◆ Work task
Each line below from the line with "中曽根三津子さんの総運は42画の3点!" to the line with "막내라고 맨날 얻어먹기 미안해서 직장에 싸갔던 볶음밥김밥과 샌드위치, 쿨피스." must be copied exactly, including those two, and no picture may appear in the copy.
··· Supplied data ···
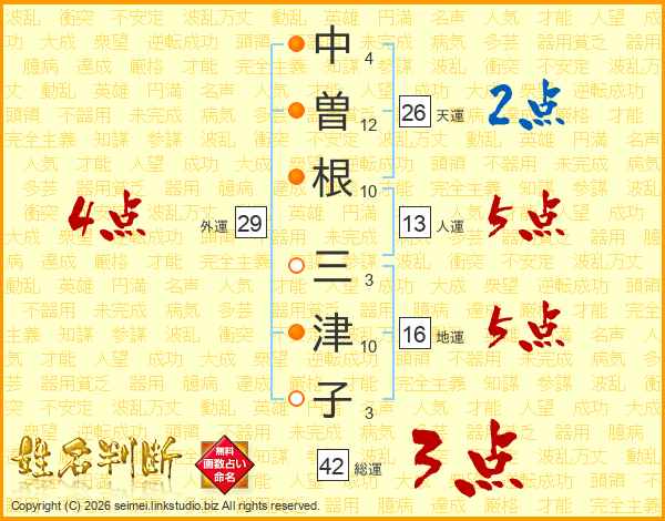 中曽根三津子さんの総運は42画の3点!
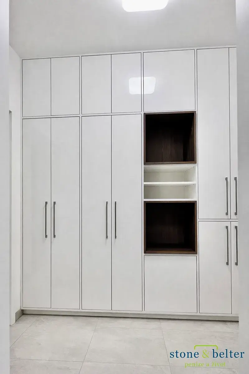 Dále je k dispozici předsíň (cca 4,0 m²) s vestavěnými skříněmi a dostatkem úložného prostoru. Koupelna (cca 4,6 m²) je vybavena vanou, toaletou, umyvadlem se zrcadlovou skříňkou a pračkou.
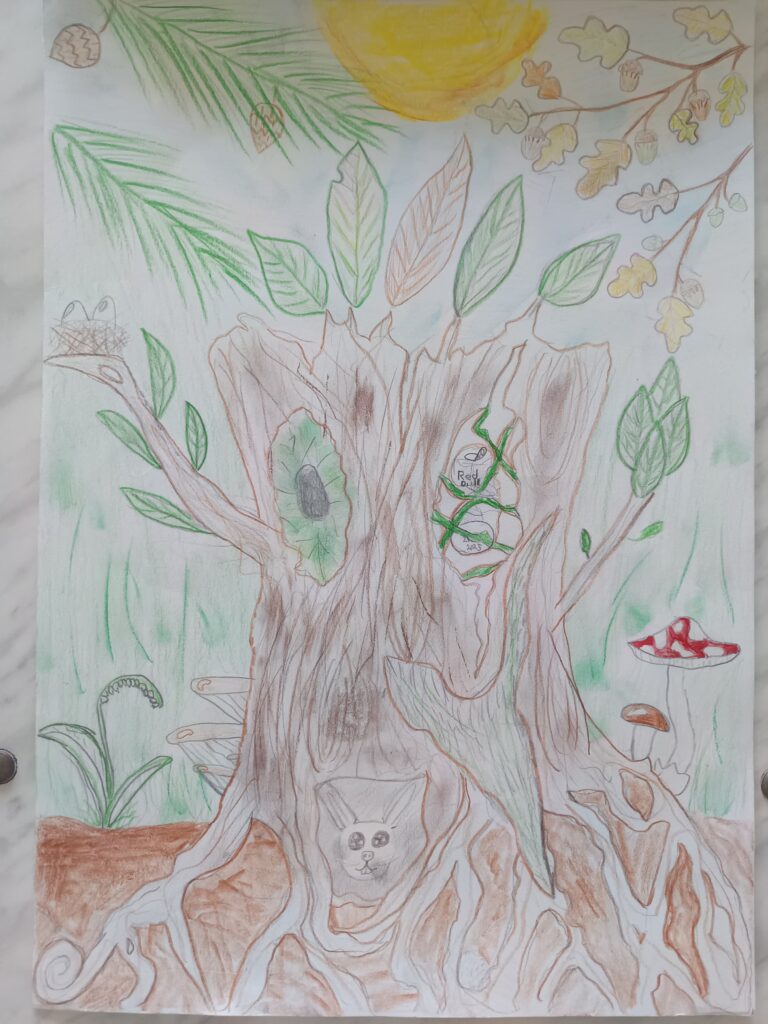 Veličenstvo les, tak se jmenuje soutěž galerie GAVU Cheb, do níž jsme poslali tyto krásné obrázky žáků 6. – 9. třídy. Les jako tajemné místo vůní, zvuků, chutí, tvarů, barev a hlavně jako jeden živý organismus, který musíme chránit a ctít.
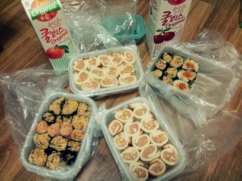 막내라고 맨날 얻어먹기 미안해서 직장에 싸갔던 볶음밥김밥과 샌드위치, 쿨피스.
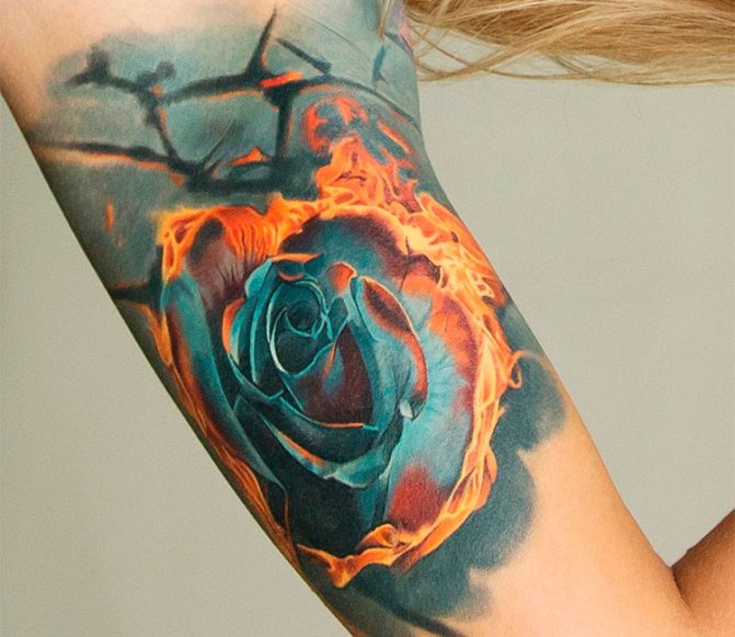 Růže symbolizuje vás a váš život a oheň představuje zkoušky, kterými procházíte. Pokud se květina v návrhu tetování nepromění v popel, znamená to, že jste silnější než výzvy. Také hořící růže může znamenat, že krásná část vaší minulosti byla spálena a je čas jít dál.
···
··· Supplied data ···
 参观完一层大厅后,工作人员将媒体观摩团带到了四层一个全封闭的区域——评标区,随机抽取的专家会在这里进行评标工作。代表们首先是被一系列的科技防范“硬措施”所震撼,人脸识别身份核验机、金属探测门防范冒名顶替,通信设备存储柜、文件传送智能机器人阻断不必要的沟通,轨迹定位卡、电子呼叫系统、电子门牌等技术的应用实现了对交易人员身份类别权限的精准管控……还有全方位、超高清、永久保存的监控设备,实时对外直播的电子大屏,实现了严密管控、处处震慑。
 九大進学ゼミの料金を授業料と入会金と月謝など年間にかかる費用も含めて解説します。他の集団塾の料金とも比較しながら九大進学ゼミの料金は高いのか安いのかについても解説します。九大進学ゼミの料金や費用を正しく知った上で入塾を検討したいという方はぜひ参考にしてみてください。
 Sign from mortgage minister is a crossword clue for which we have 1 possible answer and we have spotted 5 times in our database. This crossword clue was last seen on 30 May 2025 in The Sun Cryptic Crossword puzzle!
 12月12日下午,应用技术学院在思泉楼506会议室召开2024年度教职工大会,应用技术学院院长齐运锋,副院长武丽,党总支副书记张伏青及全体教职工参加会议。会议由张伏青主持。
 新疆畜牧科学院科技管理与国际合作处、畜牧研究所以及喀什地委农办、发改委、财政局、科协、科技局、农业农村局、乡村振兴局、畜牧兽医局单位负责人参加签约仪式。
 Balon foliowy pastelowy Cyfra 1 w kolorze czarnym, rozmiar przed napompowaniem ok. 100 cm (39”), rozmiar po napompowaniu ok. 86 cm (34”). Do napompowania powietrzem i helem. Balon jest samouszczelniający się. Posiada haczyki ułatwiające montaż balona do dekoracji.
···
◆ Problem solution
 中曽根三津子さんの総運は42画の3点!
 Dále je k dispozici předsíň (cca 4,0 m²) s vestavěnými skříněmi a dostatkem úložného prostoru. Koupelna (cca 4,6 m²) je vybavena vanou, toaletou, umyvadlem se zrcadlovou skříňkou a pračkou.
 Veličenstvo les, tak se jmenuje soutěž galerie GAVU Cheb, do níž jsme poslali tyto krásné obrázky žáků 6. – 9. třídy. Les jako tajemné místo vůní, zvuků, chutí, tvarů, barev a hlavně jako jeden živý organismus, který musíme chránit a ctít.
 막내라고 맨날 얻어먹기 미안해서 직장에 싸갔던 볶음밥김밥과 샌드위치, 쿨피스.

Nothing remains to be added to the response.